Spaced repetition learning systems (SRS) - how it might be done

I've been considering implementing a "Spaced Repetition System" in my quiz program. How it works is it focuses on not just short term but long term memory. So, if you remember something after reviewing it - great. But, unless you see it repeated, it's going to slip into forgetfulness. What SRS does is schedule repetitons, even if you got it right. The time between repetitions varies depending on how easily you got the answer before. If you got it wrong, well, you should see it pretty soon, like in the same quiz. If you got it right, if you took a long time, you should see it relatively soon. And if you got it quickly, maybe you can wait a while before reviewing it again.

So. How are we going to implement this? The current algorithm just tracks the answer you've got right / wrong in the current level. If you get them all right, you get to go to the next level. Otherwise, repeat the level. Nice and simple.

So, say you get one wrong or it times out. I'm saying, you should see that again - right away, as in, the next two or three questions. What if you take a while to answer? Say, more than 2-3 seconds? I'm still saying, you should see it again in the same run. What if you get it almost immediately? Say, 3 seconds or less? Then it's considered right for the purposes of the current run.

What about the srs over days? Well, the normal system let's you judge how well you did, and reschedules based on your estimate. But what I'm proposing sort of drills you until you get them all to the same time in the current level. So, were does the srs come in?
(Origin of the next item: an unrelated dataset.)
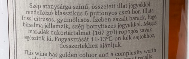 このため、トカイワインでは残糖度が45グラム以上ないとトカイ(貴腐)ワインを名乗れず、120グラム以上ないとアスーや5プットニョシュ、6プットニョシュといったランクを名乗れなくしています。

Well, I would say, since they are all at the same level coming out,

Well, that doesn't really work. I might as well just set the timer at two seconds and be done with it, otherwise, what's the point?
So, if they get it wrong, they are stuck in the same level. That works. The question is, do I make them repeat everything it that level? There is some value to that. I think maybe I'll stick with that.

Now - the long term repetition. Let's say they get it right in under 2 seconds. That's "by heart". That will have the longest repeat, and will be scheduled in say, seven days.
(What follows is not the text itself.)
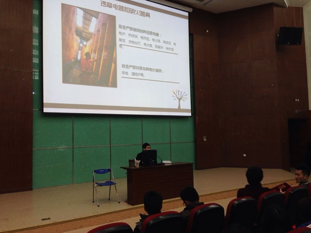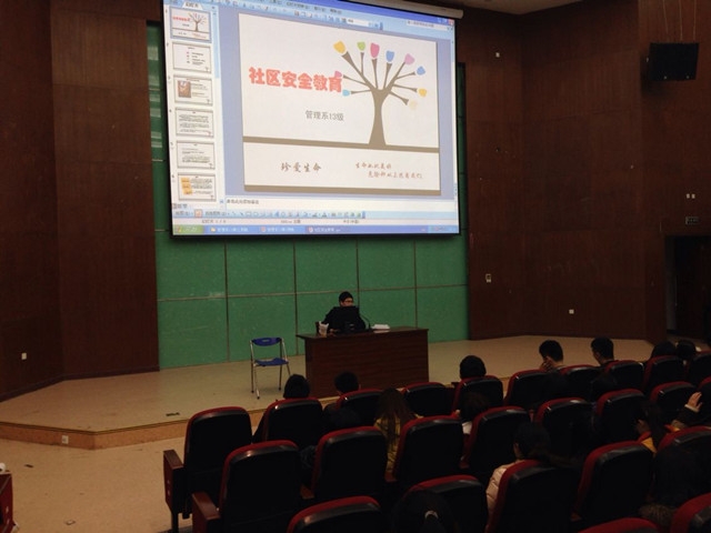 在举行的社区安全知识教育讲座上,辅导员徐晓毅向同学们展示了相关图片并介绍了许多重大的触目惊心的火灾案例、火灾隐患,介绍了有关消防常识及相关的消防标志和实物等,使同学们真切地了解了火灾的危害,引起同学们的警觉。特别是废旧插座、危险电线等违章电器引发的火灾事故实例,实实在在告诉了同学们危险就潜在我们的身边,大家在日常学习和生活中,一定要遵守社区安全规定,杜绝违章电器,加强自我防护,做到防患于未然。

The next one is between 2 and five. That's we'll say, repeat in 2 days.

If it's 5-10, that's one day.

So, how to implement that?

Well, say you have an input list. Right now it's a randomized list based on the start and ending numbers.

It becomes clear that at least the "review" portion should be based on a schedule for the day. That's simple. Anything scheduled for the day, shows up in the "review" portion of the quiz.

So, what if they advanced to a new level? We need to have the new level obviously based on the start and end numbers - as long as they haven't already been scheduled.

So, the selection criteria should be either between the start and end quiz number and unscheduled, or scheduled for today.

So, if they get it wrong, it will be immediately rescheduled for today, and they will run into it once they move to the next level.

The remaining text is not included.